For Immediate Release
June 23, 2021
Chandra Rosenthal, PEER, firstname.lastname@example.org, 303-898-0798
Mariana Del Valle Prieto Cervantes, GreenLatinos, MarianaDelValle@greenlatinos.org, 831-256-9024
Eve Fox, Beyond Plastics, email@example.com, 845-443-6133
National Parks Should Go Plastic Free
Rulemaking Petition Presses Park Service to Ban Plastic Water Bottle Sales
Washington, DC — In a major step to “green” the operation of national parks, the Biden administration should embrace an immediate ban on park plastic water bottle sales and reducing plastic wastes by 75 percent by 2026, according to a rule-making petition filed today by Public Employees for Environmental Responsibility (PEER), GreenLatinos, and Beyond Plastics. The move would reverse an action by the Trump administration forbidding parks from restricting sales of disposable plastic water bottles.
Plastic bottles are the single biggest component of park waste streams. Parks like Yellowstone estimate that plastic bottles constitute fully half of its entire trash load. Besides the cost of hauling that trash away, the volume of plastic bottles sold in parks consumes large amounts of energy and adds to the carbon footprint of park operations. In addition, parks are contributors to the growing plague of plastic pollution afflicting the planet.
Under an option allowed during the Obama administration, some 23 parks, including Grand Canyon and Zion, barred sales of plastic water bottles. These nascent steps were vigorously opposed by the International Bottled Water Association (IBWA), led by Coca Cola, the maker of Dasani bottled water. IBWA persuaded the Trump administration that parks should not infringe upon consumer choice when it came to hydration options.
“The plastics industry has been dictating park policies for too long,” stated PEER Executive Director Tim Whitehouse. “The conservation mandate for national parks should extend through all their operations, including their concessions.”
Besides implementing a system-wide ban on single-use plastic water bottles, the rule would reinstitute a goal of reducing plastic usage throughout the park system by 75% in the next five years. A similar goal had been draft policy for the National Park Service (NPS) but had been dropped after hefty charitable donations by Coca Cola. The proposed rule also requires parks to post their annual assessment of the size, composition, and costs of their waste streams.
As an agency, the NPS is very decentralized, with Headquarters often having little control over individual park operations. That decentralization was a factor behind the anemic response to the previous park bottle ban option. To obtain better and broader results, the groups urge a mandate, with a system-wide goal supported by annual public disclosure.

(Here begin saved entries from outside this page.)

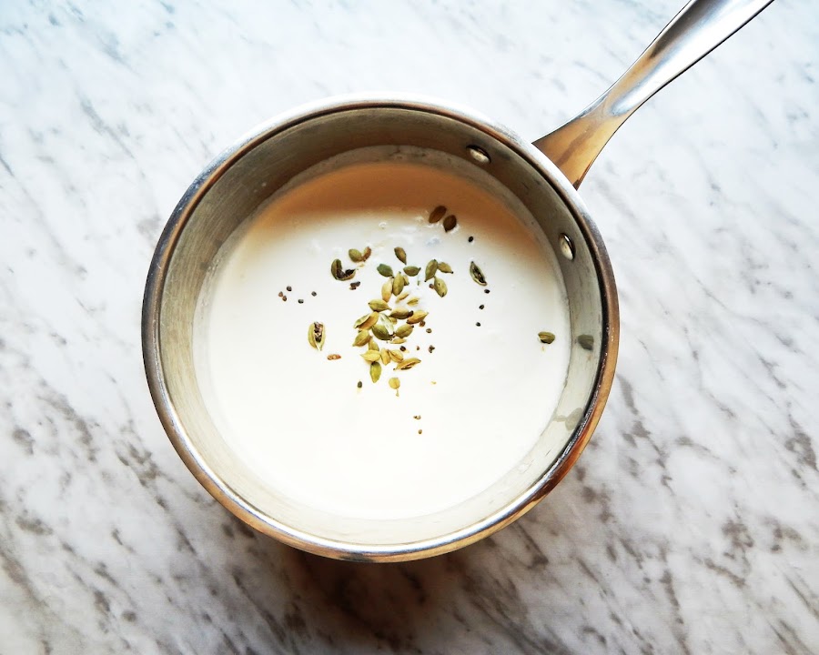 Ponemos la leche y crema en una olla de fondo grueso con una cucharada de azúcar, el resto lo reservamos, (esto es para evitar que el liquido se derrame al hervir). Abrimos 6 vainas de cardamomo y las agregamos con el resto de vainas si abrir a la olla (esto hará que tenga más sabor). Llevamos a hervor lentamente.
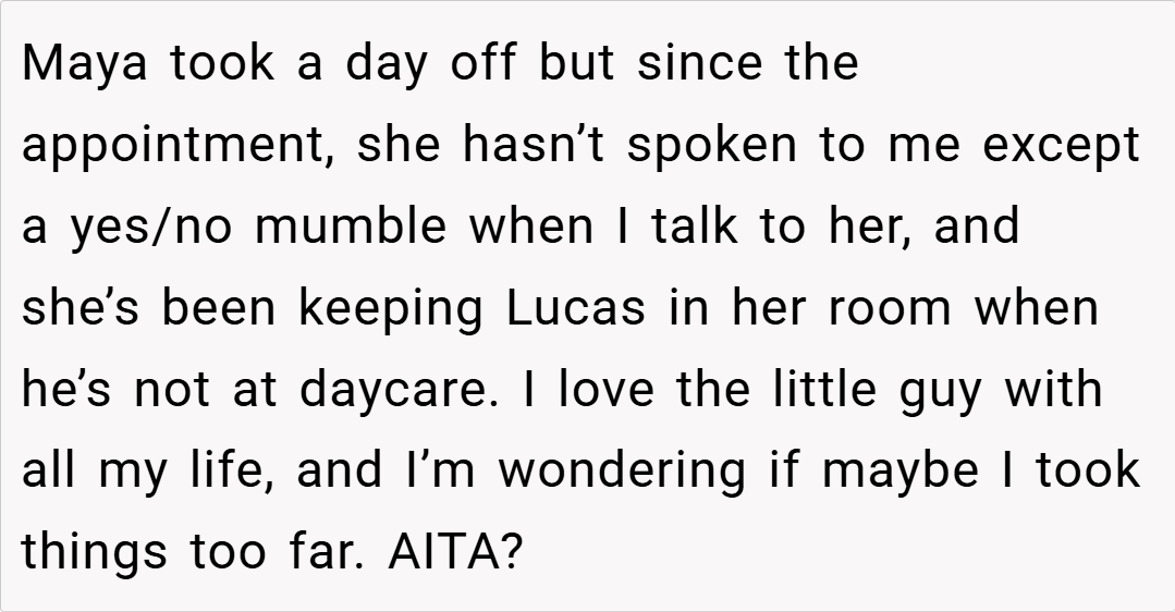 “I’m not Lucas’s dad,” highlighting that she shouldn’t have to change her life to meet these extra demands. This decisive boundary-setting has sparked a heated family dispute, raising questions about where to draw the line between supportive family obligations and preserving one’s own well-being.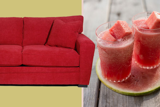 Left: Artemis Red Sofa by Jonathan Louis. Right: watermelon margaritas from bhg.

“President Biden has declared that combatting climate change and addressing environmental justice should be a government-wide priority,” adds Mark Magaña the Founding President & CEO of GreenLatinos, an active comunidad of Latino/a/x environmental and conservation champions. “If the federal government hopes to go ‘green,’a realistic first step and one of the most important places to start is with our national parks.”

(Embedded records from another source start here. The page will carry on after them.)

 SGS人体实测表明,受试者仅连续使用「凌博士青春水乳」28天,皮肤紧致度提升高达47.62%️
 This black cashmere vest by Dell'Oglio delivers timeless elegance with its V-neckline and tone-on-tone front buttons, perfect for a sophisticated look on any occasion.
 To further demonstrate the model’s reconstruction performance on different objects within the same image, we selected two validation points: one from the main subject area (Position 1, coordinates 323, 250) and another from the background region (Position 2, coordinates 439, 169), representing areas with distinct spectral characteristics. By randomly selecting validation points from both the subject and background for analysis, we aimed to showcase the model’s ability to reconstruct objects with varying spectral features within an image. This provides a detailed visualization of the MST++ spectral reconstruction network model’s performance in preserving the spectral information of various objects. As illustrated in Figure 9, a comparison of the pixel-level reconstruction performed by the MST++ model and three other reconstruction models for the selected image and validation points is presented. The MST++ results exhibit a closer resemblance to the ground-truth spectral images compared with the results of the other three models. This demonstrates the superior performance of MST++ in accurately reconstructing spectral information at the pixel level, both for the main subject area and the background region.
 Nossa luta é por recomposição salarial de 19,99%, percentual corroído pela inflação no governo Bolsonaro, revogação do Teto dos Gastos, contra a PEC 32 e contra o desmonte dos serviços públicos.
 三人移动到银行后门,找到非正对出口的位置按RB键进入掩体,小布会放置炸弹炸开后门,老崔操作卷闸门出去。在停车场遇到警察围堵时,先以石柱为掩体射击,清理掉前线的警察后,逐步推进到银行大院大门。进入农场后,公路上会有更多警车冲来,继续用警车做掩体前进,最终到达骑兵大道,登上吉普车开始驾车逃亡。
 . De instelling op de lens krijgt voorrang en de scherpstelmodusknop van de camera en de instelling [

“I urge the Biden Administration to review the petition and direct the National Park Service to prevent the sale of single-use plastic bottles at their facilities,” said Judith Enck, former EPA Regional Administrator and President of Beyond Plastics. “Single-use plastic bottles pose an unnecessary threat to our National Parks, our environment, and our health.”
The groups also launched a public sign-on petition to gain further support for the effort.